Task brief: The reply must contain exactly the lines below from the one with "A LUNA SPLIT" down to the one with "注意上面的实现,在会字符的时", both included, and nothing more; please omit the pictures.

Records for the exercise:
- - - - - - -
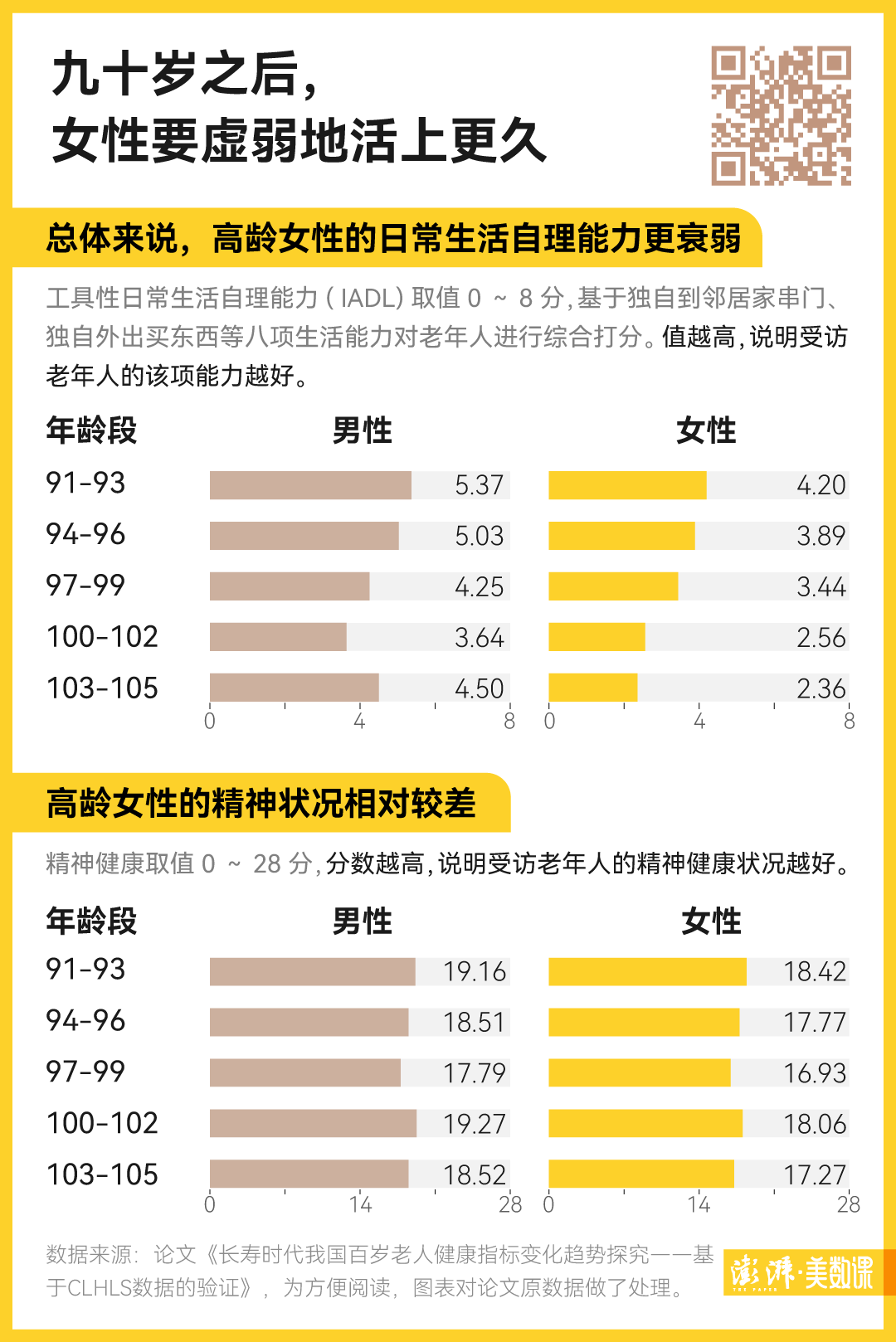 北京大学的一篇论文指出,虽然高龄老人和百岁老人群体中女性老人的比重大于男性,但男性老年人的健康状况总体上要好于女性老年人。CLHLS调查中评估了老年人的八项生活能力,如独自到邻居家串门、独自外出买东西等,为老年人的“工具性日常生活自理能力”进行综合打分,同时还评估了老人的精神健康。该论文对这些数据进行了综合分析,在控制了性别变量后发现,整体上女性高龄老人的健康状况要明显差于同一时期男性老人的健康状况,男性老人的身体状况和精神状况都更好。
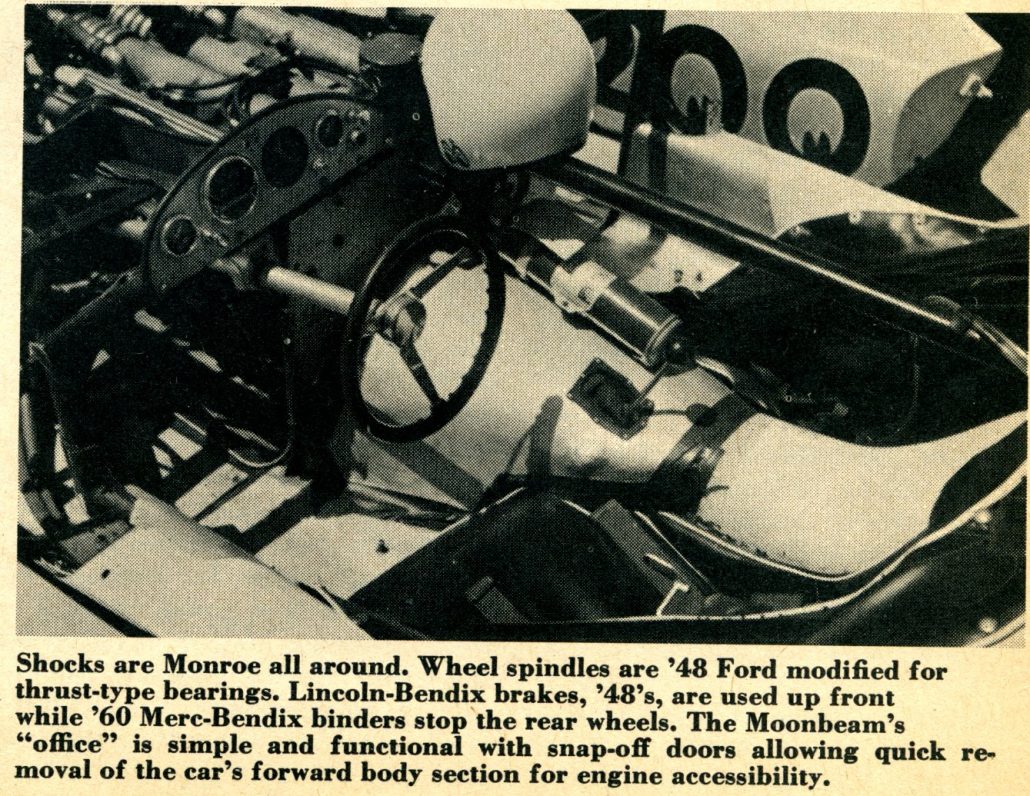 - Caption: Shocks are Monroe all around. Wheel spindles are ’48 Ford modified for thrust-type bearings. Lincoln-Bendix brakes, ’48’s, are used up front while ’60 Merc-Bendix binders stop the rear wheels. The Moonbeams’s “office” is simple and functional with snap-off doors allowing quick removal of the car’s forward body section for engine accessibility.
- - - - - - -
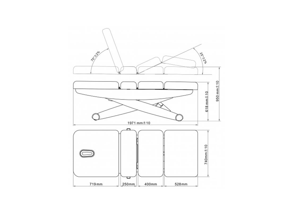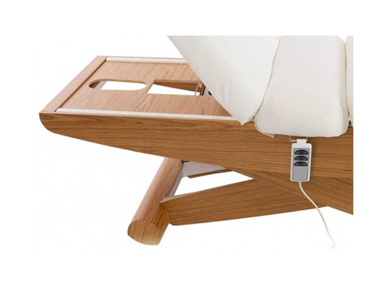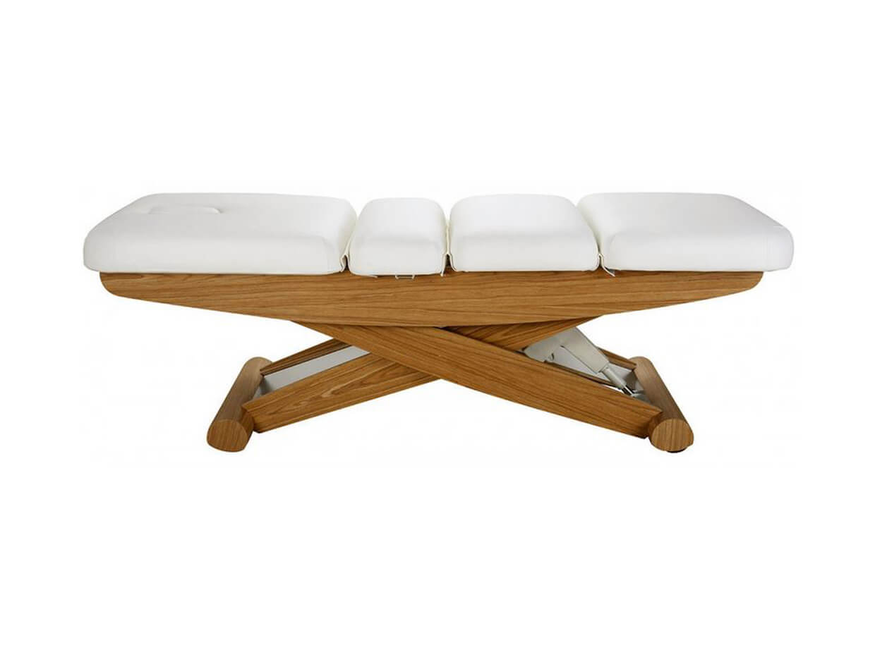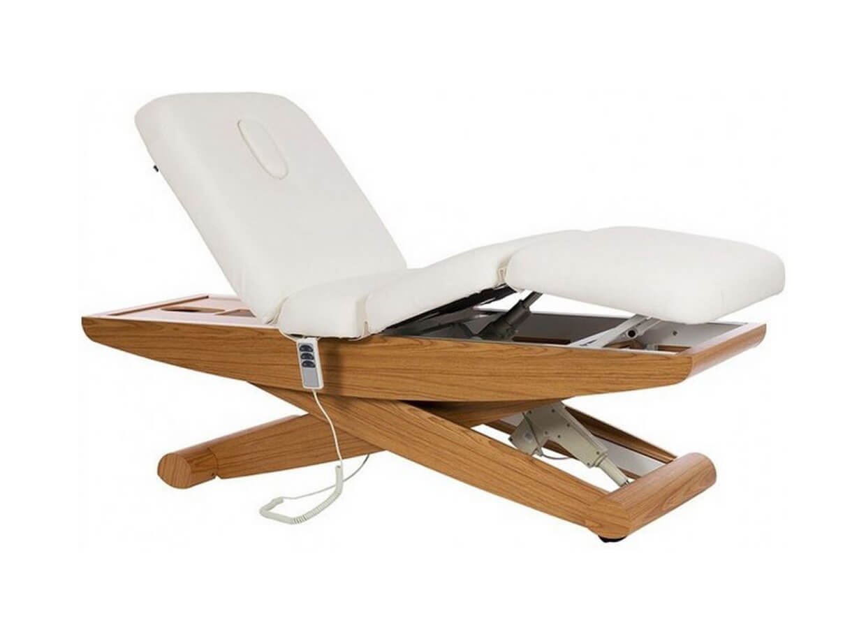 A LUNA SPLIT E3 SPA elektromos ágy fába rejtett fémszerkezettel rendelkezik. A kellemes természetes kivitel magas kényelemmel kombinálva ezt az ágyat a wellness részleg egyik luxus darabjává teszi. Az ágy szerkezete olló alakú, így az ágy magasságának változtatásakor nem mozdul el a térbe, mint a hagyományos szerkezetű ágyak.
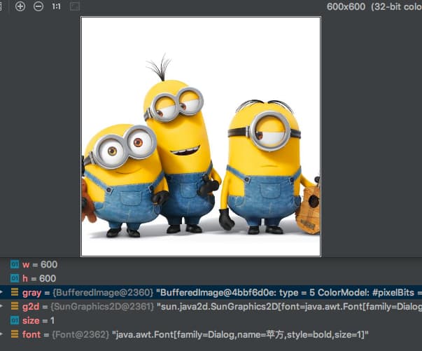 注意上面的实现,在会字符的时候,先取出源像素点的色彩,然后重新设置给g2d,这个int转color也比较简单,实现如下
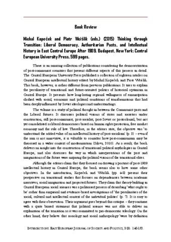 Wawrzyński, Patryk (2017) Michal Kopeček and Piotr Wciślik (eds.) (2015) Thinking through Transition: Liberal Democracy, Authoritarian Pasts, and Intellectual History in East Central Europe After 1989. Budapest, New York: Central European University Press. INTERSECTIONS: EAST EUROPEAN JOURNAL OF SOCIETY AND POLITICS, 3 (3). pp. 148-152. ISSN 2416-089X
- - - - - - -
Solution to this exercise:
 A LUNA SPLIT E3 SPA elektromos ágy fába rejtett fémszerkezettel rendelkezik. A kellemes természetes kivitel magas kényelemmel kombinálva ezt az ágyat a wellness részleg egyik luxus darabjává teszi. Az ágy szerkezete olló alakú, így az ágy magasságának változtatásakor nem mozdul el a térbe, mint a hagyományos szerkezetű ágyak.
 注意上面的实现,在会字符的时候,先取出源像素点的色彩,然后重新设置给g2d,这个int转color也比较简单,实现如下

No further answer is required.